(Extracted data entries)
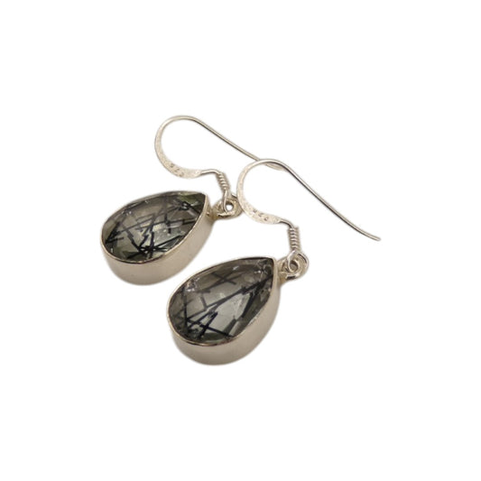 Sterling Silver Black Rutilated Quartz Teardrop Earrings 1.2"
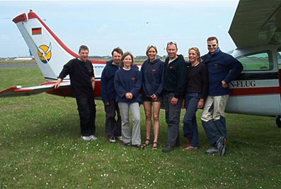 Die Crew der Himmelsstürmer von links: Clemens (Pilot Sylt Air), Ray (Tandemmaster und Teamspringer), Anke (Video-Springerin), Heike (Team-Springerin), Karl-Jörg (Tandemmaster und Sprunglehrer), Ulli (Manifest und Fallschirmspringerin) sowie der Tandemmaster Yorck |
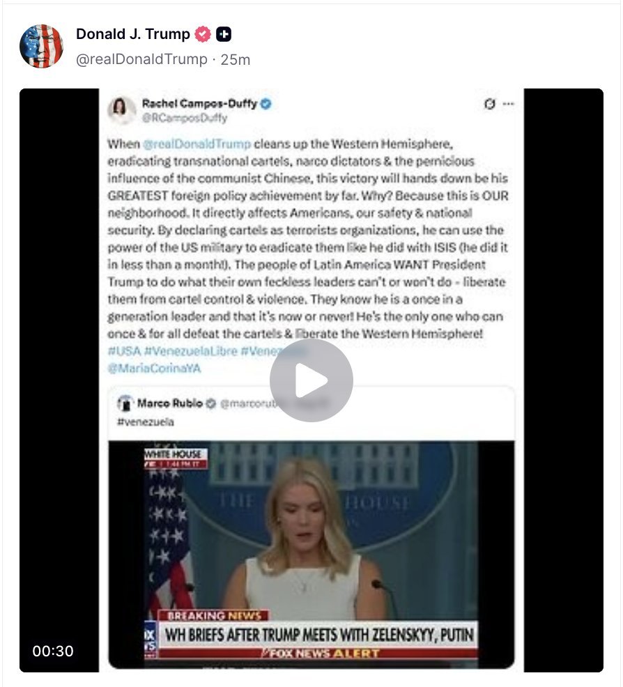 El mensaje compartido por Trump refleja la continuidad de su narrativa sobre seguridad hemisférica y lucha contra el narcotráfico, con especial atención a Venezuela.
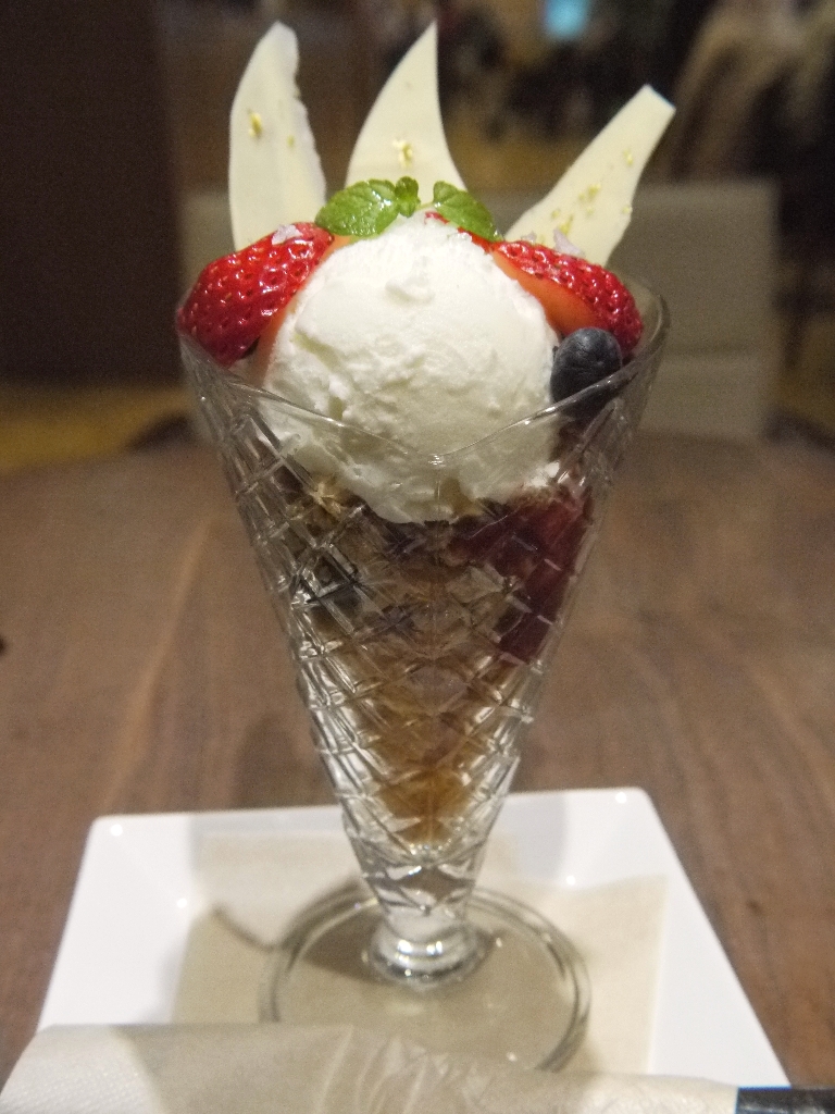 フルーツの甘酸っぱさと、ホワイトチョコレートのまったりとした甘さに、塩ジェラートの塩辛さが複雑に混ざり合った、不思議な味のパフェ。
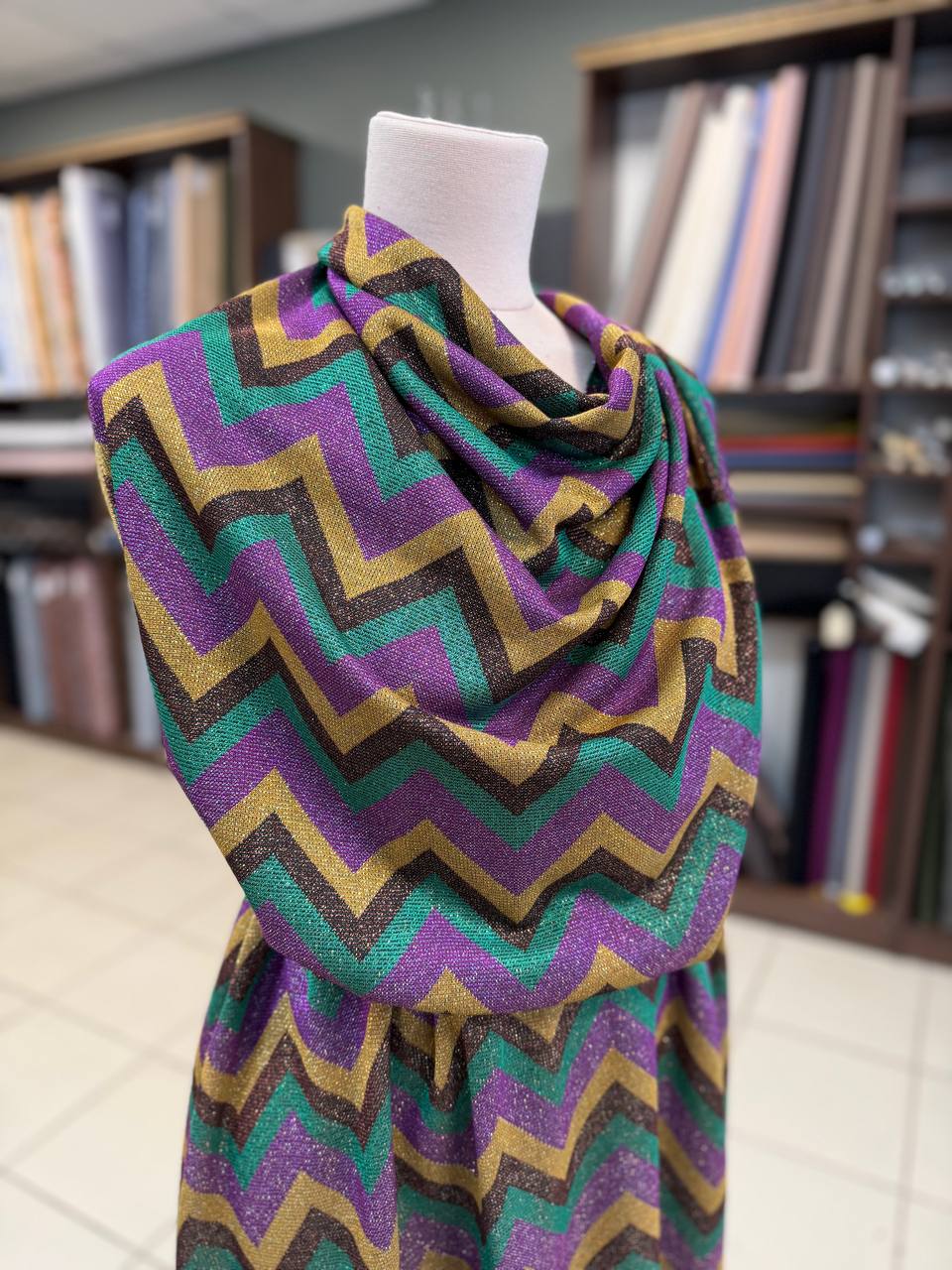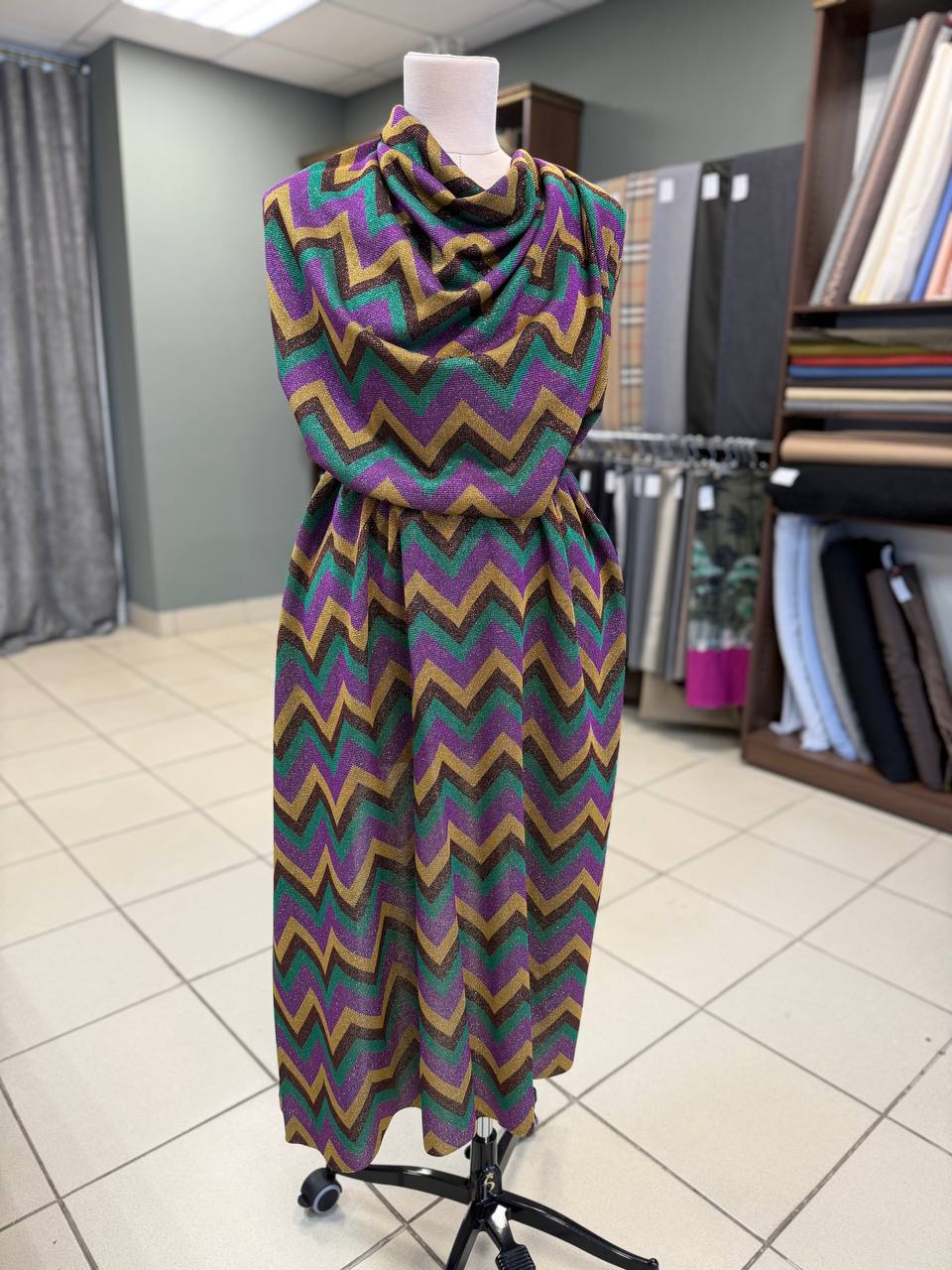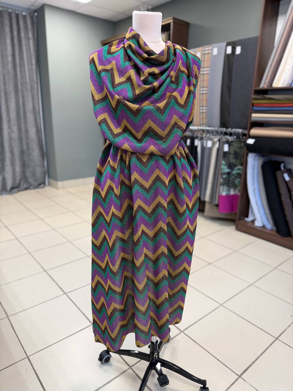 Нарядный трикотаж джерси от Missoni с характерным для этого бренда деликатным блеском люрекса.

Work to be completed:
Set down the data above verbatim, omitting every image.

Exercise response:
 Sterling Silver Black Rutilated Quartz Teardrop Earrings 1.2"
 Die Crew der Himmelsstürmer von links: Clemens (Pilot Sylt Air), Ray (Tandemmaster und Teamspringer), Anke (Video-Springerin), Heike (Team-Springerin), Karl-Jörg (Tandemmaster und Sprunglehrer), Ulli (Manifest und Fallschirmspringerin) sowie der Tandemmaster Yorck |
 El mensaje compartido por Trump refleja la continuidad de su narrativa sobre seguridad hemisférica y lucha contra el narcotráfico, con especial atención a Venezuela.
 フルーツの甘酸っぱさと、ホワイトチョコレートのまったりとした甘さに、塩ジェラートの塩辛さが複雑に混ざり合った、不思議な味のパフェ。
 Нарядный трикотаж джерси от Missoni с характерным для этого бренда деликатным блеском люрекса.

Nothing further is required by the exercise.